M : Tu disais que malgré le sujet passionnant et les révélations, les ventes ne décollent pas ?

TV : Le sujet est morose et les gens n’ont pas envie de lire ça. La littérature engagée et qui dérange, c’est bienvenu que quand ça dérange de loin. Après, être lauréat d’un prix littéraire [colauréat du prix littéraire « Nice baie des anges » NDLR] est une reconnaissance importante. Chose exceptionnelle, cette année, nous avons été deux à le recevoir. Le débat pour choisir a dû être particulièrement rude… On imagine que certains n’auraient pas souhaité mettre en avant mon livre, tandis que d’autres m’ont fait l’honneur de reconnaître mon travail. Je les en remercie.

M : Un dernier mot ?

TV : En 1999, pour mon premier bouquin, j’étais en direct à la télé chez Pivot pour sa célèbre émission littéraire « Bouillon de culture » dans laquelle je témoignais sur la thématique « fin de siècle, mœurs et comportements ». Je décrivais alors ma vie de petit bourgeois qui se défonçait en rave party. Maintenant que je dénonce des trucs de ouf, tout le monde s’en fout… 

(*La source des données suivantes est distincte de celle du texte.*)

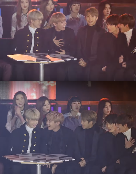 ㅠㅠㅠ 애들 오늘 완전 하이텐션일듯.. 그렇게 좋아하는 빅뱅선배님들 옆에 앉고 ㅠㅠ
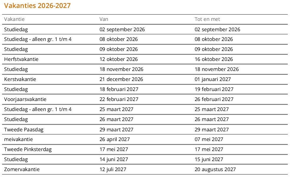 Vakanties en vrije dagen

Propos recueillis par Jide. https://www.helloasso.com/associations/association-pour-la-reconnaissance-des-medias-alternatifs-arma/paiements/abonnement-mouais

[1] Lire dans Mouais 18, juin 2021, page 10/11, « Santé Mentale, Climat Social ».

[2] www.monindemnite.com/souffrances-endurees

[3] Titre d’un article paru dans Mouais 8 « le bachas de l’été », juillet/aout 2022, page 12 et 13.